Hi Gary F, List,

First, a small point. I take a scientific phenomenon to be something public 
that could be observed. It isn't necessary that it actually be before the mind 
in order to be a phenomenon. Rather, the observation of the phenomenon is what 
is typically "in the mind" of the cognitive agents.

Second, the results of Peirce's inquiries in logic are, like other historical 
events, something that can be observed. Your question seems to be:  is a claim 
that one written expression of a logical conception is clearer than another 
really a hard fact? If so, what does that suggest about the hardness of such 
facts?

For my part, I don't think there is any significant difference between a 
historical expression of, say, the conceptions involved in law embodied in a 
statute and the historical expression of a logical conception in a 
philosophical theory and expressed in a written mode. The fact that a 
conception in the law is more clearly expressed than it was in the past will 
show, as a hard fact, in the kinds of conduct that will follow from the newly 
clarified statute. That is, there will actually be fewer disagreements and 
conflicts in conduct among those who purport to be regulated by their clearer 
conceptions of such laws.

--Jeff


Jeffrey Downard
Associate Professor
Department of Philosophy
Northern Arizona University
(o) 928 523-8354


________________________________
From: g...@gnusystems.ca <g...@gnusystems.ca>
Sent: Tuesday, January 23, 2018 3:53 PM
To: peirce-l@list.iupui.edu
Subject: RE: [PEIRCE-L] Lowell Lecture 3.14

List,

A word or two about the second part of Lowell 3.14, CP 1.543 …

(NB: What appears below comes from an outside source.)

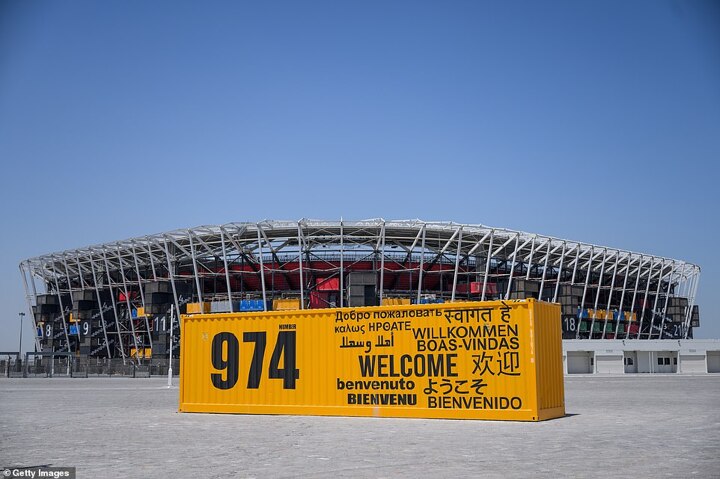 In a first for the World Cup, this stadium has been made from 974 shipping containers and other materials that can easily be dismantled after the tournament finishes.

Whatever “subject of inquiry” we are talking about, it must be something 
“before the mind” in some way, to use the language Peirce uses to introduce 
Phenomenology earlier in Lowell 3. That makes it a Phenomenon; hence it 
“involves three kinds of elements.”

The “principle of our procedure” in this Phenomenological inquiry seems to 
apply recursively, even to the “kinds of elements” themselves. “And so we have 
endless questions, of which I have only given you small scraps.”

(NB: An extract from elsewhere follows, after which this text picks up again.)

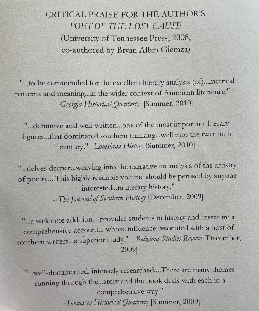 For me, this biography of a nineteenth-century Irish American Catholic priest began with the puzzle of a wild-haired poet who found himself on the wrong side of history. How in the world did he become such a large influence on regional nationalism in the wake of the American Civil War? And how did a presumptive outsider become entangled in white supremacy even as many of his compatriots espoused emancipation for both the Irish and African Americans? The answers are revealing not just of contemporaneous worldviews and competing sympathies, but of the unimaginably steep price to be paid for the volatile mingling of political and religious ideologies.

Why should we take the trouble to engage in the “most laborious study” required 
to answer these endless questions? Because, according to Peirce, “it forces us 
along step by step to much clearer conceptions of the objects of logic than 
have ever been attained before. The hard fact that it has yielded such fruit is 
the principal argument in its favor.”

Is that really a hard fact? Or is it merely Peirce’s opinion that the 
conceptions attained in this way are so much clearer than any attained before? 
Can it be a hard fact — the epitome of Secondness, as described by Peirce 
earlier — that one conception is clearer than another? If so, what does that 
tell us about the nature of “hard facts”?

Gary f.

From: g...@gnusystems.ca [mailto:g...@gnusystems.ca]
Sent: 20-Jan-18 18:50
To: peirce-l@list.iupui.edu
Subject: [PEIRCE-L] Lowell Lecture 3.14

Continuing from Lowell 3.13, 
https://fromthepage.com/jeffdown1/c-s-peirce-manuscripts/ms-464-465-1903-lowell-lecture-iii-3rd-draught/display/13940:

A representamen is a subject of a triadic relation to a Second, called its 
Object, for a Third, called its Interpretant, this triadic relation being such 
that the Representamen determines its Interpretant to stand in the same triadic 
relation to the same Object for some Interpretant.
[CP 1.542] It follows at once that this relation cannot consist in any actual 
event that ever can have occurred; for in that case there would be another 
actual event connecting the interpretant to an interpretant of its own of which 
the same would be true; and thus there would be an endless series of events 
which could have actually occurred, which is absurd. For the same reason the 
interpretant cannot be a definite individual object. The relation must 
therefore consist in a power of the representamen to determine some 
interpretant to being a representamen of the same object.
[543] Here we make a new distinction. You see the principle of our procedure. 
We begin by asking what is the mode of being of the subject of inquiry, that 
is, what is its absolute and most universal Firstness? The answer comes, that 
it is either the Firstness of Firstness, the Firstness of Secondness, or the 
Firstness of Thirdness.
We then ask what is the Universal Secondness, and what the Universal Thirdness, 
of the subject [in hand?].
Next we say that Firstness of Firstness, that Firstness of Secondness and that 
Firstness of Thirdness that have been described have been the Firstness of the 
Firstness in each case. But what is the Secondness that is involved in it and 
what is the Thirdness?
So the Secondnesses as they have been first given are the Firstnesses of those 
Secondnesses. We ask what Secondness they involve and what Thirdness. And so we 
have endless questions, of which I have only given you small scraps.
The answers to these questions do not come of themselves. They require the most 
laborious study, the most careful and exact examination. The system of 
questions does not save that trouble in the least degree. It enormously 
increases it by multiplying the questions that are suggested. But it forces us 
along step by step to much clearer conceptions of the objects of logic than 
have ever been attained before. The hard fact that it has yielded such fruit is 
the principal argument in its favor.